- Assignment -
Everything in the listing below from the line containing "Red & White Sympathy Floor Basket" through the line containing "Mercury Seven (mercury_seven@yahoo.com)" must be repeated exactly; the remaining lines are not wanted.

- Supplied records -

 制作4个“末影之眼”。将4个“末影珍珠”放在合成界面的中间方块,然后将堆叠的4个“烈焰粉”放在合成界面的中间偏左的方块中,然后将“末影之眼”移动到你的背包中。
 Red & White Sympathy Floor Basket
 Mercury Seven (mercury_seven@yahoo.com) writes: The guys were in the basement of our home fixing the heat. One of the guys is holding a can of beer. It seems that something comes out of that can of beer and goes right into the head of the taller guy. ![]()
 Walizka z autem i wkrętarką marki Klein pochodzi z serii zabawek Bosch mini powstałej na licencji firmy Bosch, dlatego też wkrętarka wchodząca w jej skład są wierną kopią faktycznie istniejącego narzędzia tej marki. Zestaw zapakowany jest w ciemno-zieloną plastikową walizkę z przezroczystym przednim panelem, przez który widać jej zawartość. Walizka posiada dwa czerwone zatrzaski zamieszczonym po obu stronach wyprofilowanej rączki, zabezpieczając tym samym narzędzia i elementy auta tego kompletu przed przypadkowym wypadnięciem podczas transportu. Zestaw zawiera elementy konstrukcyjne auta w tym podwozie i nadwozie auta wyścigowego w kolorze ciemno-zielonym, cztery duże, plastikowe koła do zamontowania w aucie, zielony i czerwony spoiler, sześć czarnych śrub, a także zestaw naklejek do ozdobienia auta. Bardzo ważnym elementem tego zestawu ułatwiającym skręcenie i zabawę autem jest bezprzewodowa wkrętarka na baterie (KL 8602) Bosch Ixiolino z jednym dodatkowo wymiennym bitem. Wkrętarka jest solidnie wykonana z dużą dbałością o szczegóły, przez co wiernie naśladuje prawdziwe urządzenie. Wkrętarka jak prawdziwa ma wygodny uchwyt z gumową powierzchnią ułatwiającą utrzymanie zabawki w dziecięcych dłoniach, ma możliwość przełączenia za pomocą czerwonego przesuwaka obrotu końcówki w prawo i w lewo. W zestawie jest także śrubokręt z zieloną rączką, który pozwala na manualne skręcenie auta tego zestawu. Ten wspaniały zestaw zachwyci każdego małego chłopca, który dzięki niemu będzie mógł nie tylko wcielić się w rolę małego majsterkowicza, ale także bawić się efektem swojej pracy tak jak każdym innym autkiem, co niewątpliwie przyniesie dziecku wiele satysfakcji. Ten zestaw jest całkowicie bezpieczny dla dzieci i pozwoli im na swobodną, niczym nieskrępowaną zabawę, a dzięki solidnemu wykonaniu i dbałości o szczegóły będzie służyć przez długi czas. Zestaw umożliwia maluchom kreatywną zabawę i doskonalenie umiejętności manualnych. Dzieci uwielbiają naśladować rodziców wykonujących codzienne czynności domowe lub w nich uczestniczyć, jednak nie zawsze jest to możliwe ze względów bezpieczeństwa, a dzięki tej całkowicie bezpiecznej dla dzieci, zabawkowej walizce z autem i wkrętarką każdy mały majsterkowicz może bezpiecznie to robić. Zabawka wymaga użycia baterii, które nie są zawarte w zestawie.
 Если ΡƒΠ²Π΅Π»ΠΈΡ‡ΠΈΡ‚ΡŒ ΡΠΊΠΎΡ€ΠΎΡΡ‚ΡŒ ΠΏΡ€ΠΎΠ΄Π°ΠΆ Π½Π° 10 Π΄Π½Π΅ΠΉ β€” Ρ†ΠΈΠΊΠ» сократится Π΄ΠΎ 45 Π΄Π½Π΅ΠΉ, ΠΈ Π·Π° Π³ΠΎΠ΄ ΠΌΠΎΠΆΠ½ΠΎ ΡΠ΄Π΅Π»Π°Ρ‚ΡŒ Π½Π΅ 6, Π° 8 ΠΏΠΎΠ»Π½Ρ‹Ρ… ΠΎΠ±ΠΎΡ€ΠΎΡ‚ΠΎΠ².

==

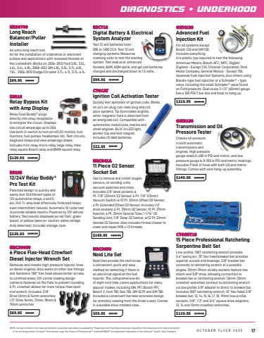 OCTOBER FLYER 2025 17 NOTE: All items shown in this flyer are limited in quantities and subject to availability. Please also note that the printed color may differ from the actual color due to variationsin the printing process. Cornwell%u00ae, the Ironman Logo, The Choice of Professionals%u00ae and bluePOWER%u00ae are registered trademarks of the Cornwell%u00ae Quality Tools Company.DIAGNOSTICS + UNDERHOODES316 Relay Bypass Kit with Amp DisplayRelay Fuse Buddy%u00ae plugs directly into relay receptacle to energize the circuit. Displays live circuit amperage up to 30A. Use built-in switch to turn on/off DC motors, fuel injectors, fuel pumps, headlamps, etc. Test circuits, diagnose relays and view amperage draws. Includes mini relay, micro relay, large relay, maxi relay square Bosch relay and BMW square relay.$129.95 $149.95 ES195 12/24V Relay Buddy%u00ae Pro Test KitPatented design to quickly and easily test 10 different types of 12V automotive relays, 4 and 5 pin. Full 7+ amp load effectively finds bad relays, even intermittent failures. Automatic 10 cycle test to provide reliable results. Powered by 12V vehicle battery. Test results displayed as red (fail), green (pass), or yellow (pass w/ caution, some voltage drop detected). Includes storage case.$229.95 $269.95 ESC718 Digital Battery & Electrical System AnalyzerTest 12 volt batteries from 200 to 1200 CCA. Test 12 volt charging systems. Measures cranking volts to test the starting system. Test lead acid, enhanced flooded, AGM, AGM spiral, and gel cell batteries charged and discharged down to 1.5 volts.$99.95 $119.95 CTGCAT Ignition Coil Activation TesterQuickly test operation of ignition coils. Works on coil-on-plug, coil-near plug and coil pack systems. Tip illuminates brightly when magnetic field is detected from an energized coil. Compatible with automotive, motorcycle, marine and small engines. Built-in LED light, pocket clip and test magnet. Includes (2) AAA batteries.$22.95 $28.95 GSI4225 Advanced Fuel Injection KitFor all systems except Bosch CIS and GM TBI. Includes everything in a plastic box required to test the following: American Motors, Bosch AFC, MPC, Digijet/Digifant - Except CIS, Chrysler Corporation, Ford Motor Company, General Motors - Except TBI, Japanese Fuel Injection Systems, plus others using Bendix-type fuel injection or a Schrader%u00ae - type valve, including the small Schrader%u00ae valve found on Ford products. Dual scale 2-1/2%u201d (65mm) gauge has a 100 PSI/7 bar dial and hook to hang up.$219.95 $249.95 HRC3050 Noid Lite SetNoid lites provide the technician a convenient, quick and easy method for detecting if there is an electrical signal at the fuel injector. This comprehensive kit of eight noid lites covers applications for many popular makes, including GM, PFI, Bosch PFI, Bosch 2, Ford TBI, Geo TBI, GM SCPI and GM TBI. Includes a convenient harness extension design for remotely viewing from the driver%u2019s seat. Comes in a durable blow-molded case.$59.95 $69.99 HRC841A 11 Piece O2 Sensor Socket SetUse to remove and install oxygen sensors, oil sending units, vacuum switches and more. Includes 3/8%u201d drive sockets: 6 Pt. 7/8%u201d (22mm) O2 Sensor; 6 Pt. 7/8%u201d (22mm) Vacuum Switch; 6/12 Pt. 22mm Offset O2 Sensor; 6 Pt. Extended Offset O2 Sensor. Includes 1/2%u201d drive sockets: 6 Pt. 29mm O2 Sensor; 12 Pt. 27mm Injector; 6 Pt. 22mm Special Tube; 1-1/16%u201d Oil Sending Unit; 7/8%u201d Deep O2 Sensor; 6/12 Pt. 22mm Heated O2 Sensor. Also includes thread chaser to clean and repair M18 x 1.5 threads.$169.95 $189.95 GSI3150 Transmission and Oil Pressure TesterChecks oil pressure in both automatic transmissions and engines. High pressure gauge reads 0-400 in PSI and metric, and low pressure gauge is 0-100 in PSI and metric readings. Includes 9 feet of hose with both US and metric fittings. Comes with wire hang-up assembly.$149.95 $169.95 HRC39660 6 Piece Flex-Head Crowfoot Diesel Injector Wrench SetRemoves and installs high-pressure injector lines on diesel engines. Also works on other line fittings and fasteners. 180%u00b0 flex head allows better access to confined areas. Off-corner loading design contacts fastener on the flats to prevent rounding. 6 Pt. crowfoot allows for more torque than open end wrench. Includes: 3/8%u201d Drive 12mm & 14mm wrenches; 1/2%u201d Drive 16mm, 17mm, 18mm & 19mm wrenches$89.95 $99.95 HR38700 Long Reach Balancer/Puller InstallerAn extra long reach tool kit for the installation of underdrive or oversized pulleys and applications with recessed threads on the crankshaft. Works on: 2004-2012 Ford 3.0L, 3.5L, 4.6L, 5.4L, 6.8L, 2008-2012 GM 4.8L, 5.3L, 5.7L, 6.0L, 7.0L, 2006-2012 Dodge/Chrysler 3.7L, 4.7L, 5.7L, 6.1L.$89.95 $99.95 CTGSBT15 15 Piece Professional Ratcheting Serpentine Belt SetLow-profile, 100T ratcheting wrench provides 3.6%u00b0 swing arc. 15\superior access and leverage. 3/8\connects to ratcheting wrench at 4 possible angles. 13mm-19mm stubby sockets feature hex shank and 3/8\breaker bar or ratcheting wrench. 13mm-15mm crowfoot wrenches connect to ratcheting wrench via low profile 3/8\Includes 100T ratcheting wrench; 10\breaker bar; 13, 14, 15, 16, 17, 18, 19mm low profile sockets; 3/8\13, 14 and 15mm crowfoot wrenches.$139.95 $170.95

- Solution to the exercise -
 Red & White Sympathy Floor Basket
 Mercury Seven (mercury_seven@yahoo.com) writes: The guys were in the basement of our home fixing the heat. One of the guys is holding a can of beer. It seems that something comes out of that can of beer and goes right into the head of the taller guy. ![]()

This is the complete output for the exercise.